* **Your objective**
Please set down the data again exactly, minus the pictures.
### Recorded information ###
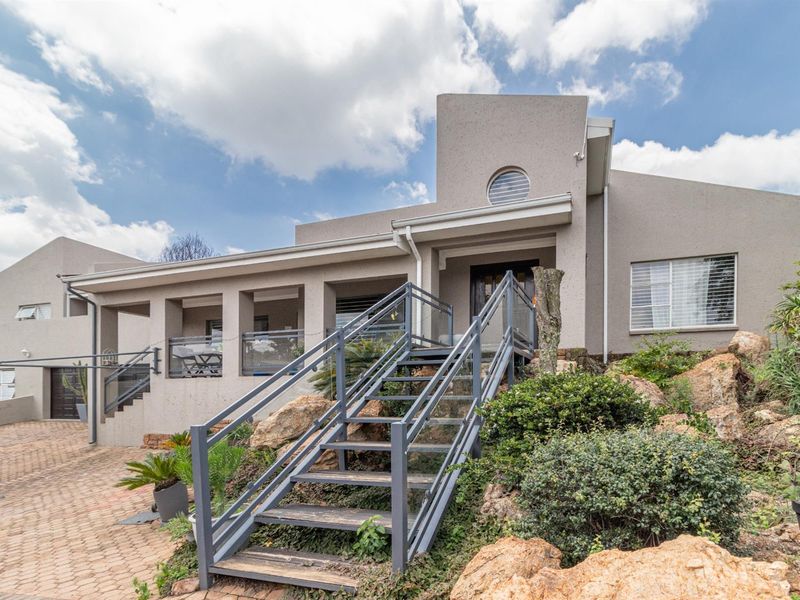 Entertainer's family haven in Noordheuwel, Krugersdorp with panoramic hilltop views, solar panels and backup water tank — generous parking and four bedrooms, four bathrooms, single garage.
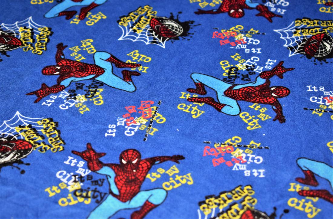 Printed Brush Flannel 100% Cotton, Spider Man Print Design,High Quality, 110 cm, High Quality
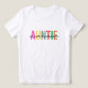 ¡Muestra tu divertido y colorido estilo de tía con esta camiseta personalizada! Con letras de arcoíris audaces que deletrean "AUNTIE" y un sobrepuesto de nombre personalizado, este diseño es perfecto para las orgullosas tías que aman destacar. Genial para el Día de la Madre, invitaciones para bebés, o simplemente muestra amor a tus sobrinas y sobrinos. Personalizar el nombre para hacerlo verdaderamente suyo!
###
* **Reply**
 Entertainer's family haven in Noordheuwel, Krugersdorp with panoramic hilltop views, solar panels and backup water tank — generous parking and four bedrooms, four bathrooms, single garage.
 Printed Brush Flannel 100% Cotton, Spider Man Print Design,High Quality, 110 cm, High Quality
 ¡Muestra tu divertido y colorido estilo de tía con esta camiseta personalizada! Con letras de arcoíris audaces que deletrean "AUNTIE" y un sobrepuesto de nombre personalizado, este diseño es perfecto para las orgullosas tías que aman destacar. Genial para el Día de la Madre, invitaciones para bebés, o simplemente muestra amor a tus sobrinas y sobrinos. Personalizar el nombre para hacerlo verdaderamente suyo!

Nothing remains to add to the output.